* Exercise *
Exact copy without images: repeat every entry as written.

* Records for the exercise *
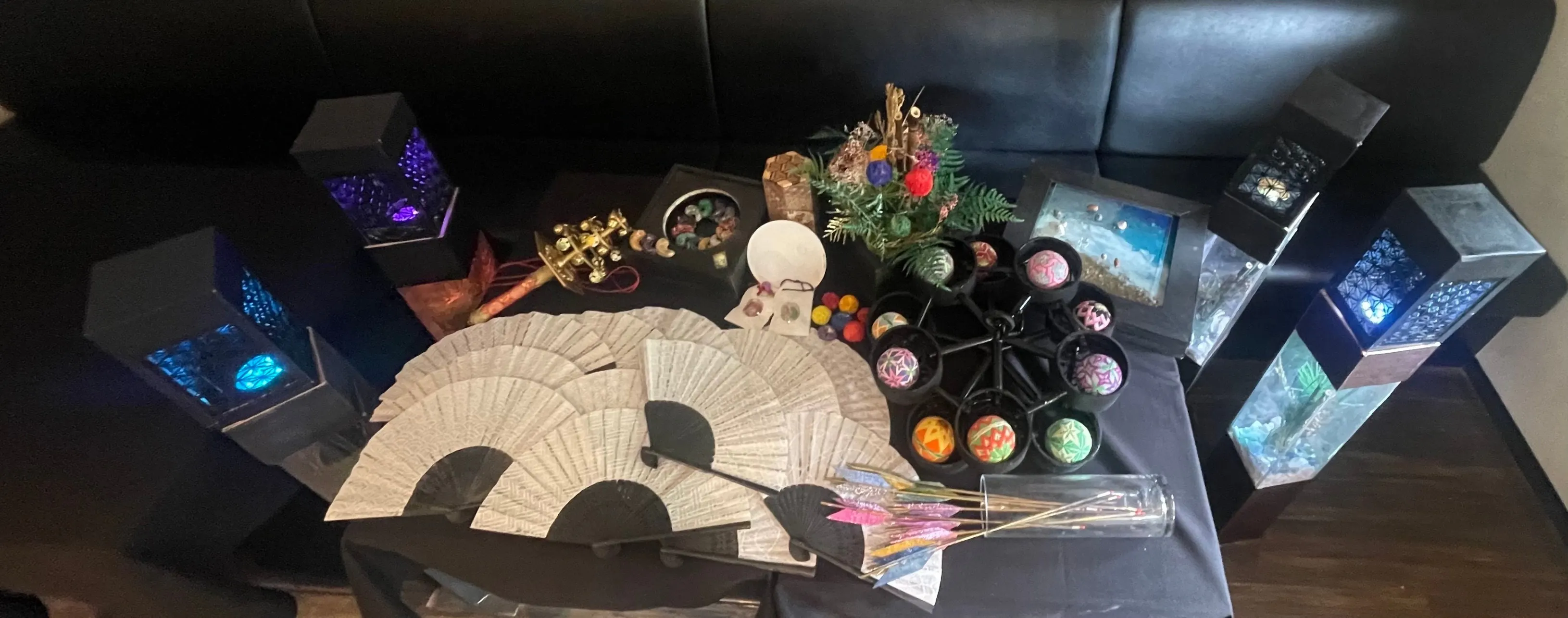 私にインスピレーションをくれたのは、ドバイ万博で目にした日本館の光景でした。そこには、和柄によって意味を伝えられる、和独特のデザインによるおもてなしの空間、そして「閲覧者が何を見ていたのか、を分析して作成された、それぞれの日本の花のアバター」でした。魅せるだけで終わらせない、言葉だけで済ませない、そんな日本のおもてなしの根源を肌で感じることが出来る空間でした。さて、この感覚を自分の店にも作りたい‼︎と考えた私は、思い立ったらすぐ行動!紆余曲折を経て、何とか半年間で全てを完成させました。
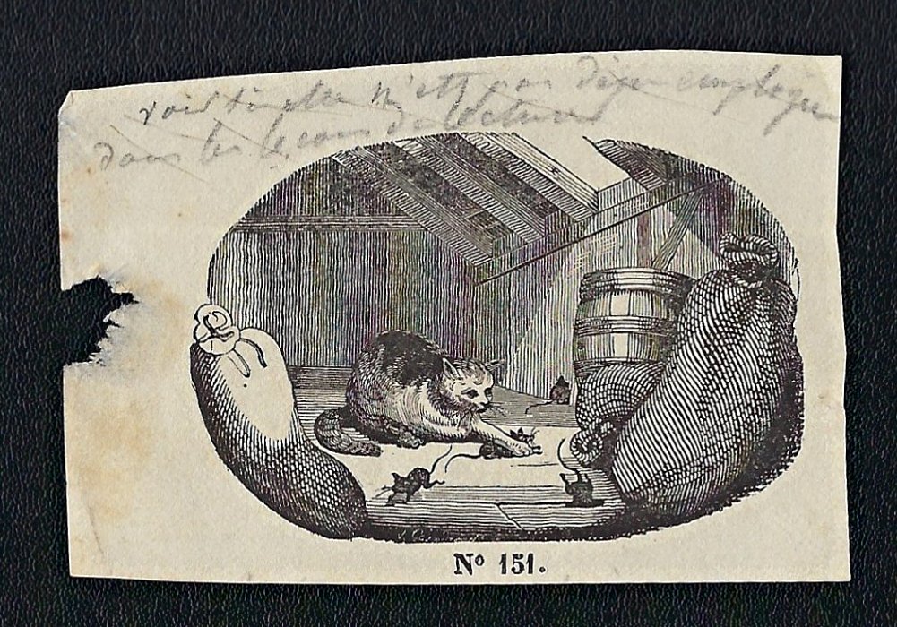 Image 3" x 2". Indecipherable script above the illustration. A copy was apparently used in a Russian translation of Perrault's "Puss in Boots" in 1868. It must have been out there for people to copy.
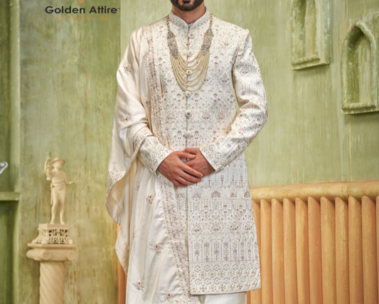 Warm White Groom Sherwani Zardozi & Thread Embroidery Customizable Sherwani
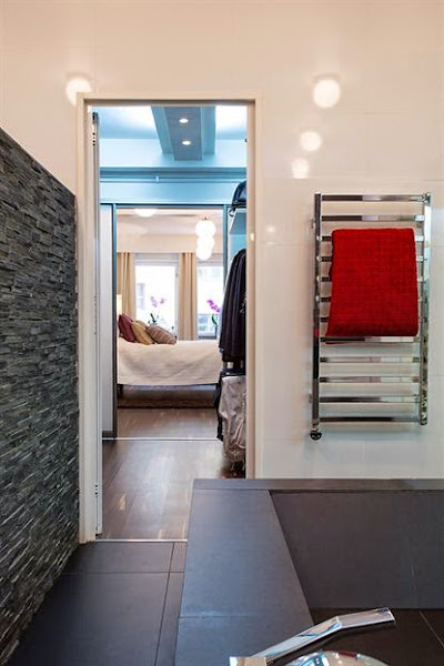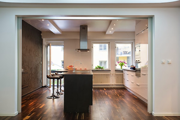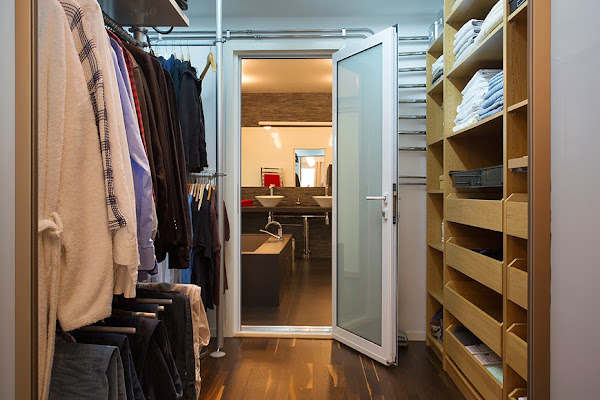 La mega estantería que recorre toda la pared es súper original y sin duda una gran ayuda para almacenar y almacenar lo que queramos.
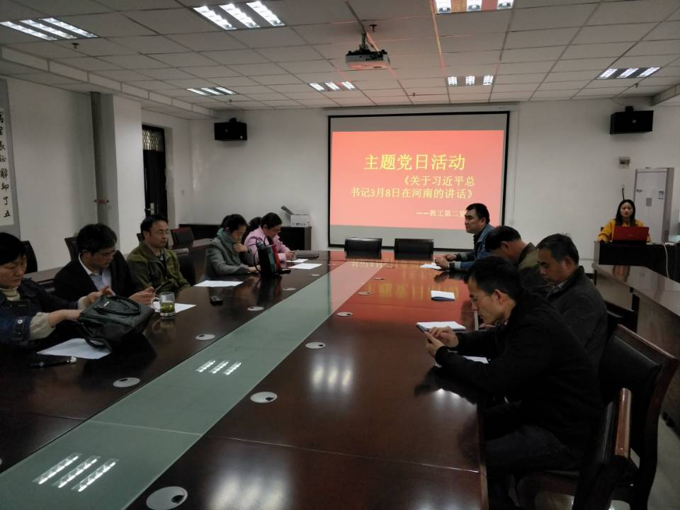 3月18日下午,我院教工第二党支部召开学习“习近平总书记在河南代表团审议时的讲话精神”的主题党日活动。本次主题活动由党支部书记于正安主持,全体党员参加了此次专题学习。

* Result of this task *
 私にインスピレーションをくれたのは、ドバイ万博で目にした日本館の光景でした。そこには、和柄によって意味を伝えられる、和独特のデザインによるおもてなしの空間、そして「閲覧者が何を見ていたのか、を分析して作成された、それぞれの日本の花のアバター」でした。魅せるだけで終わらせない、言葉だけで済ませない、そんな日本のおもてなしの根源を肌で感じることが出来る空間でした。さて、この感覚を自分の店にも作りたい‼︎と考えた私は、思い立ったらすぐ行動!紆余曲折を経て、何とか半年間で全てを完成させました。
 Image 3" x 2". Indecipherable script above the illustration. A copy was apparently used in a Russian translation of Perrault's "Puss in Boots" in 1868. It must have been out there for people to copy.
 Warm White Groom Sherwani Zardozi & Thread Embroidery Customizable Sherwani
 La mega estantería que recorre toda la pared es súper original y sin duda una gran ayuda para almacenar y almacenar lo que queramos.
 3月18日下午,我院教工第二党支部召开学习“习近平总书记在河南代表团审议时的讲话精神”的主题党日活动。本次主题活动由党支部书记于正安主持,全体党员参加了此次专题学习。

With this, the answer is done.